Data from the phase 3 MARIPOSA-2 study support the supplemental biologics license application for amivantamab plus chemotherapy in EGFR-mutated advanced or metastatic non–small cell lung cancer.
Developers have submitted a supplemental biologics license application (BLA) to the FDA for the potential approval of amivantamab-vmjw (Rybrevant) plus carboplatin and pemetrexed for locally advanced or metastatic non–small cell lung cancer (NSCLC) harboring EGFR exon 19 deletions or L858R substitutions following disease progression with osimertinib (Tagrisso), according to a news release from The Janssen Pharmaceutical Companies of Johnson & Johnson.1
“New treatment options are urgently needed in the post-osimertinib setting, where patients continue to face unacceptable survival rates,” Kiran Patel, MD, vice president of Clinical Development, Solid Tumors, at Janssen Research & Development, LLC, said in the news release. “As we strive to transform the standard of care in patients with EGFR-mutated NSCLC, we are committed to working closely with the FDA during review of this submission for [amivantamab] in this expanded patient population.”
Supporting data for the supplemental BLA came from the phase 3 MARIPOSA-2 study (NCT04988295), which investigators presented at the 2023 European Society for Medical Oncology (ESMO) Congress and subsequently published in Annals of Oncology.
Investigators reported a median progression-free survival (PFS) of 8.3 months (95% CI, 6.8-9.1) among those who received amivantamab plus lazertinib (Leclaza) and chemotherapy (n = 263), 6.3 months (95% CI, 5.6-8.4) in those treated with amivantamab and chemotherapy (n = 131), and 4.2 months (95% CI, 4.0-4.4) in patients who received chemotherapy alone (n = 263).2
Grade 3 or higher adverse effects affected 72% of patients in the amivantamab plus chemotherapy arm, 92% of those who received amivantamab plus lazertinib and chemotherapy, and 48% of those treated with chemotherapy alone. The most common high-grade toxicities included neutropenia, thrombocytopenia, anemia, and leukopenia. Febrile neutropenia was reported in 2%, 8%, and 2% of patients in each respective arm.
“The promising results from the MARIPOSA-2 study show that by combining [amivantamab] with chemotherapy, both with and without lazertinib, patients achieved longer [PFS] compared with chemotherapy alone,” lead study author Antonio Passaro, MD, PhD, medical oncologist in the Division of Thoracic Oncology at the European Institute of Oncology in Milan, Italy, said in a press release on these findings.3 “The efficacy seen across the two [amivantamab] regimens suggests that this treatment combination may address the diverse and often varied resistance that can occur in the post-osimertinib setting.”
Patients included in the MARIPOSA-2 trial were randomly assigned 2:2:1 to receive amivantamab plus lazertinib and chemotherapy, chemotherapy alone, or amivantamab plus chemotherapy every 3 weeks.2 Investigators administered amivantamab intravenously at 1400 mg weekly for 4 weeks followed by 1750 mg every 3 weeks beginning with the third cycle. Chemotherapy consisted of pemetrexed at 500 mg/m2 every cycle plus carboplatin at area under the curve 5 for the first 4 cycles.

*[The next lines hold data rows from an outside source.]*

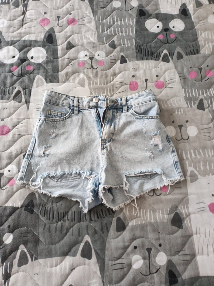 Düğmeli, bol kesim gri mini kot şort, yıpranmış detaylarla günlük sokak stiline uygun.
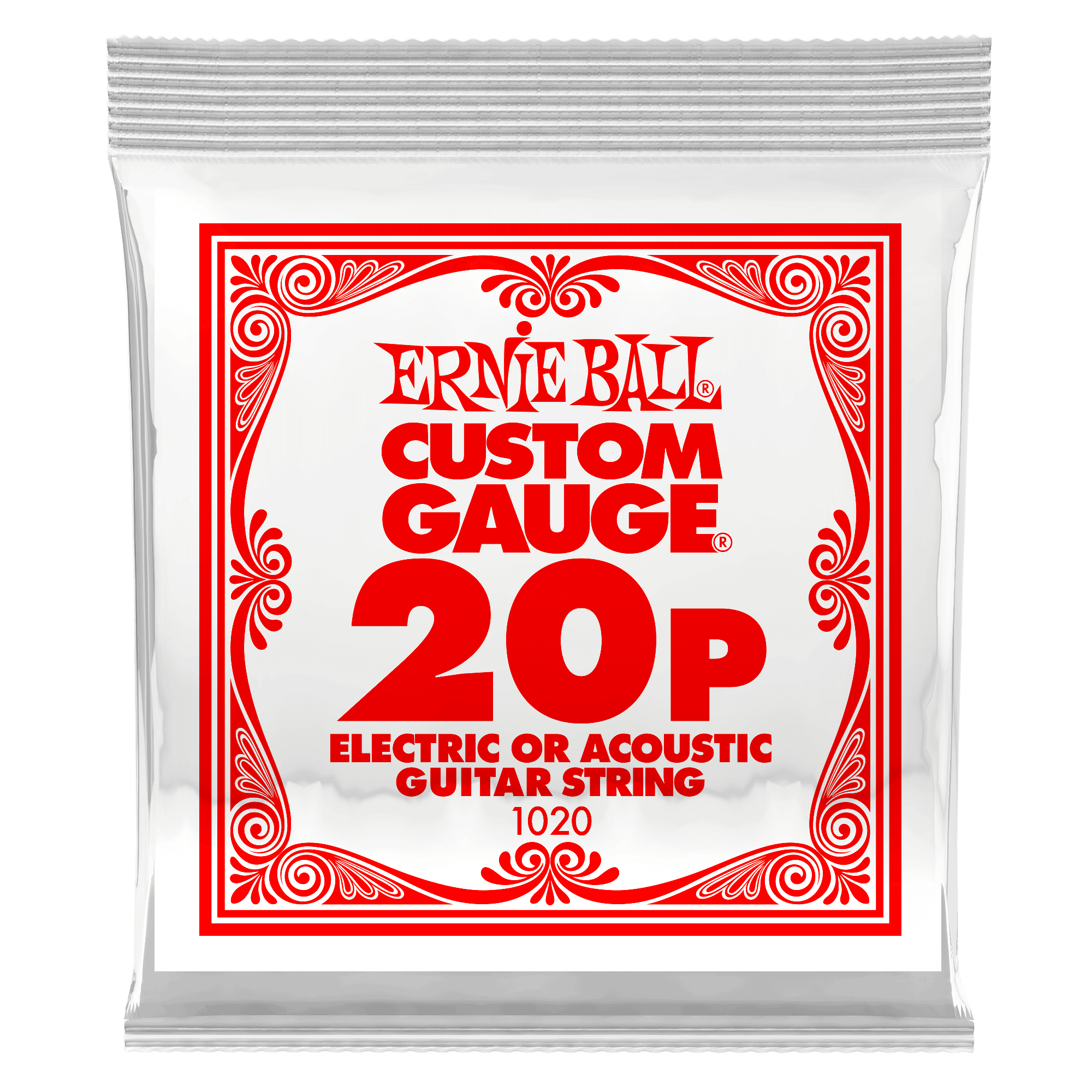 Ernie Ball Plain Steel Electric or Acoustic Guitar Strings are made of specially tempered tin plated high carbon steel used on electric and acoustic guitars. Ernie Ball revolutionized the market by offering Custom-Gauge single string options allowing guitarists to create personalized string sets. Length: 39.5
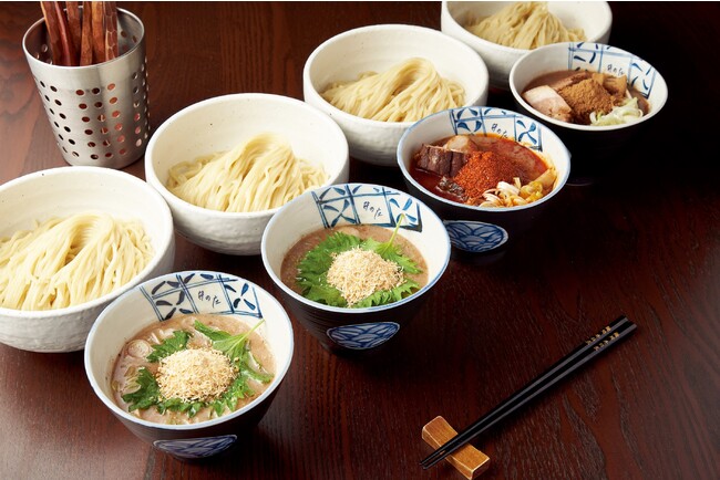 「2021年お取り寄せラーメン・オブ・ザ・イヤー つけ麺大賞」を受賞した3種(つけ麺、辛々魚つけ麺、ホタテの塩つけ麺×2)のつけめんをセットに。

The trial’s dual primary end points were PFS with amivantamab-chemotherapy and amivantamab-lazertinib-chemotherapy compared with chemotherapy alone. Secondary end points included objective response rate, duration of response, overall survival, symptomatic and intracranial PFS, and safety.
Patients 18 years and older with locally advanced or metastatic NSCLC harboring EGFR mutations that progressed on or after therapy with osimertinib were able to enroll on the trial. Those with brain metastases were able to enroll if their condition was clinically stable, asymptomatic, and treated with stable steroid doses.
These data support less restrictive clinical trial eligibility criteria for those with metastatic NSCLC. This is especially true regarding both targeted therapy and immunotherapy treatment regimens.